Re: [ceph-users] Sudden loss of all SSD OSDs in a cluster, immedaite abort on restart [Mimic 13.2.6]

2019-08-18 Thread Troy Ablan



On 8/18/19 6:43 PM, Brad Hubbard wrote:

That's this code.

3114   switch (alg) {
3115   case CRUSH_BUCKET_UNIFORM:
3116 size = sizeof(crush_bucket_uniform);
3117 break;
3118   case CRUSH_BUCKET_LIST:
3119 size = sizeof(crush_bucket_list);
3120 break;
3121   case CRUSH_BUCKET_TREE:
3122 size = sizeof(crush_bucket_tree);
3123 break;
3124   case CRUSH_BUCKET_STRAW:
3125 size = sizeof(crush_bucket_straw);
3126 break;
3127   case CRUSH_BUCKET_STRAW2:
3128 size = sizeof(crush_bucket_straw2);
3129 break;
3130   default:
3131 {
3132   char str[128];
3133   snprintf(str, sizeof(str), "unsupported bucket algorithm:
%d", alg);
3134   throw buffer::malformed_input(str);
3135 }
3136   }

CRUSH_BUCKET_UNIFORM = 1
CRUSH_BUCKET_LIST = 2
CRUSH_BUCKET_TREE = 3
CRUSH_BUCKET_STRAW = 4
CRUSH_BUCKET_STRAW2 = 5

So valid values for bucket algorithms are 1 through 5 but, for
whatever reason, at least one of yours is being interpreted as "-1"

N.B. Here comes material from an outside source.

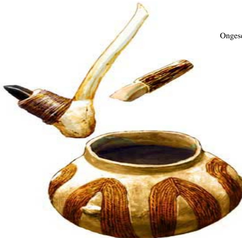
Ongeschreven bronnen uit de IJZERTIJD

this doesn't seem like something that would just happen spontaneously
with no changes to the cluster.

What recent changes have you made to the osdmap? What recent changes
have you made to the crushmap? Have you recently upgraded?



Brad,

There were no recent changes to the cluster/osd config to my knowledge. 
The only person who would make any such changes should have been me.  A 
few weeks ago, we added 90 new HDD OSDs all at once and the cluster was 
still backfilling onto those, but none of the pools on the now-affected 
OSDs were involved in that.


It seems that all of the SSDs are likely to be in this same state, but I 
haven't checked every single one.


I sent a complete image of one of the 1TB OSDs (compressed to about 
41GB) via ceph-post-file.  I put it the id in the tracker issue I opened 
for this, https://tracker.ceph.com/issues/41240


I don't know if you or any other devs could use that for further 
insight, but I'm hopeful.


Thanks,

-Troy
___
ceph-users mailing list
ceph-users@lists.ceph.com
http://lists.ceph.com/listinfo.cgi/ceph-users-ceph.com


Re: [ceph-users] RESOLVED: Sudden loss of all SSD OSDs in a cluster, immedaite abort on restart [Mimic 13.2.6]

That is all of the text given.